Thursday, September 15, 2011

Bookworm, Just Like Mom

Thank you Mom. Thank you so much for reading, and helping me fall in love with words, sentences and stories.

Fiction, non-fiction, books, magazines, poetry, graffiti, newspapers, letters, emails, whatever.

Thank you for taking me to the Burnaby Public Library when I was little and getting me my own library card. I remember you telling me how important is was to have my own card. My own signature on it. Thank you for encouraging me to join the summer reading club. I can still visualize the list I wrote of all the books I read that summer. Thank you for sharing the yellow loveseat at home with me - you on one end reading your book and me the other side reading mine.

Thank you for volunteering at my elementary school library every week. I loved seeing you there and I love you for that. Thank you for having a bookshelf at home, and even though I kinda cringe at the Stephen King / Danielle Steele genre of books I used to devour (think Grade 8 here, folks, a long time ago) those books gave me the impetus to explore fiction of a better calibre once I gained my own literary consciousness. Perhaps most importantly, thank you for making the written word such a big part of your life, even now reading voraciously and continuing to volunteer at your community library, fixing and shelving books.

Because of you reading is a big part of my life. I love words because you showed me how to fall in love with them. It has shaped who I am. 

Today is for you.

I have always wanted to follow in your foot steps and volunteer at my son's library. Well, Paris is now in grade 12 and I kinda missed that boat. This is the last year of Kje in elementary school and my last chance. Also, it was one of those things on my Turning 40 list of things to do that make me happy. 

Today, at 12:15pm I walked into Kje's school library and there he was, checking out some books with the rest of his class.
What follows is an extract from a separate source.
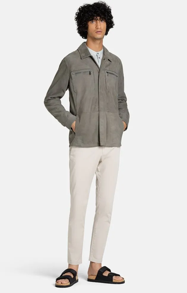 Very Casual Style In Lightweight, Unlined Goatskin Suede. The Front Edge With Concealed Press Studs And The Side Pockets Integrated Into The Seam Are Totally Discreet, Making The Breast Pockets All The More Impressive. They Are Skilfully Incorporated Into The Front And Are Closed Using Metal Zips. The Shirt-Style Cuffs Can Be Opened To Roll Up The Sleeves Comfortably. Although It Is Unlined, It Still Has Two Practical Inside Pockets.

It was my first weekly shift as the volunteer librarian (well, more like volunteer book-shelver). He looked so happy to see me. All his friends came over to say hi, too.

It felt so good to start something I have wanted to do for so long. I stacked 521.3 between 521.2 and 523, and sorted primary books by last name SEU, MAU, DAH.

A blonde boy asked me to help him find a book on cars. We looked together. A cute girl in a pretty dress wanted a princess book but every time I found one for her she said “No, I don’t want that one.” I put books back in their place for lots of small hands. The whole thing made me smile.